The two policemen sighed. Each cast a regretful eye upon the crumbling structure surrounding them.
‘Not before bloody time.’ He murmured. He particularly hated old Edwardian schools with their claustrophobic classrooms full of shadows and ghosts. He would be pleased to see its plaster gargoyles and grey walls pulled down.
They continued, searching every floor.
‘Nothing of course.’ He pointed downwards with his pen. ‘We’ll look around in the basement, although god knows what’s down there.’ He chuckled.
Searching around, he found the door to the boiler room. Unlike the other doors, it was locked. He kicked it and it opened. The smell was overwhelming.
The light was flicked on and the three men carefully navigated the uncertain steps. The boiler room was in shadows. The smell was worrying. Searching, they found nothing untoward until the ever vigilant council member saw a pile of assorted junk in a corner. In his usual assured manner he approached it. His face fell when before him he saw bones and ripped and discarded clothing.
‘Jesus’ said one of his companions, ‘there’s dozens of them. Dozens of bodies.’
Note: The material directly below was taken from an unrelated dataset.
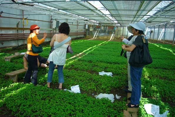 | プラ村のバジル栽培農家視察。 これを全部手摘みで出荷するのだから、 大変な苦労。 温室の中は50度近い。 これでバジルペースト勉強旅 行を締めくくる。 |
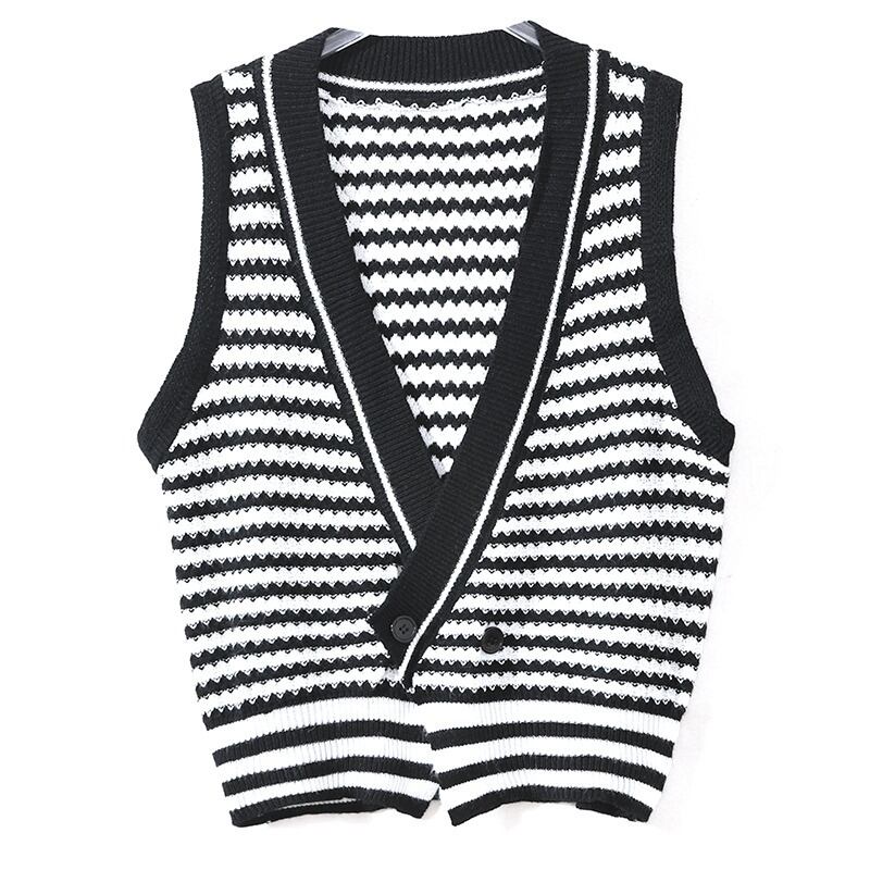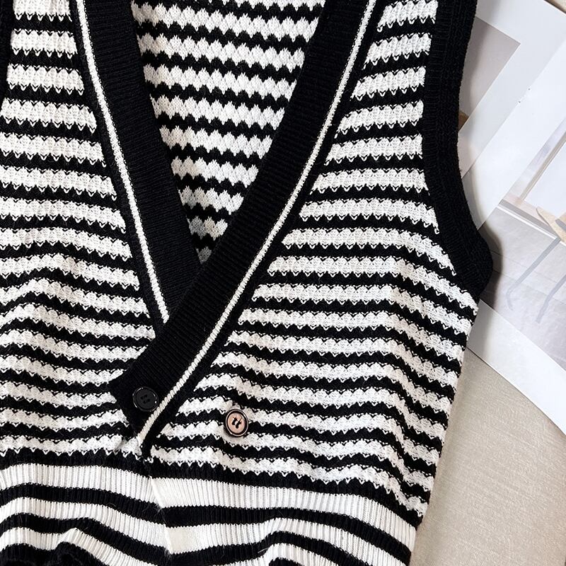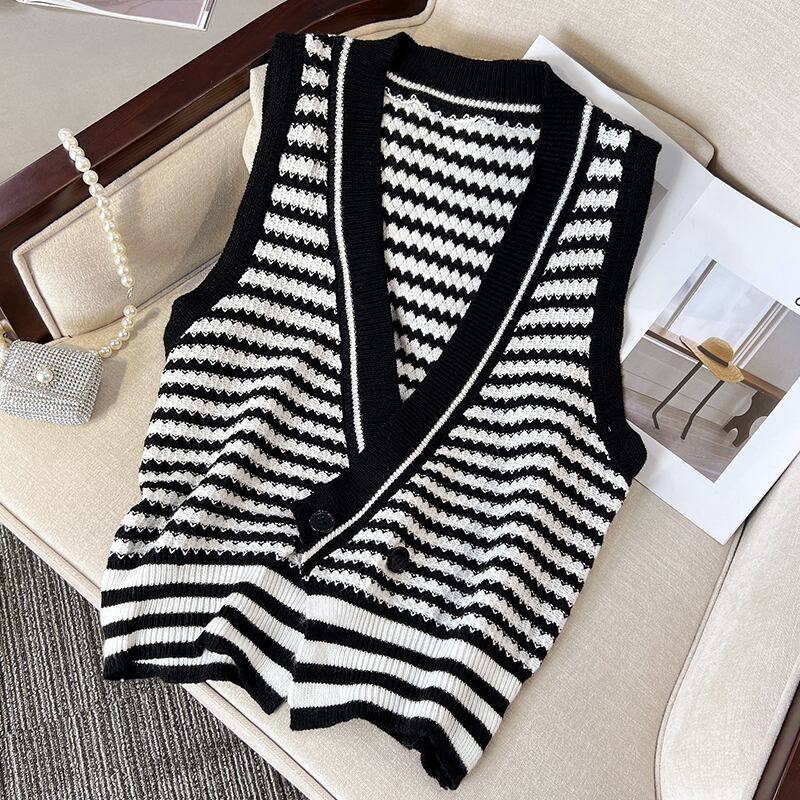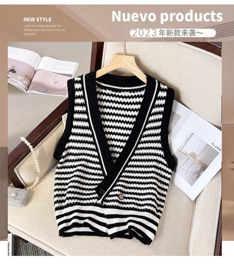 大きいサイズの婦人服 2023 春の新しいスタイルの太った姉妹のデザインは、より薄く見え、年齢を減らします。オールマッチのニットストライプのベスト 大きめサイズ スプリング 春物 8884182996976175

The council member turned, shock etched into his pallid features. Within a moment, his mouth was jerked open in a scream as both his arms were ripped off. A policeman clutching his truncheon immediately lost his head. It twirled in the air, falling back face down. The second policeman had his heart ripped out. Blood shot into the schools many receptacles. Intestines were dragged out disappearing into the shadows.
After eating the council member’s brain the school felt nauseous. The man’s thoughts were of the school, cruel thoughts that filled it with fear. It shook. It felt its end. The brain carried memories of its end, even if the school didn’t fully understand what the word and idea meant. It had no concept of dying.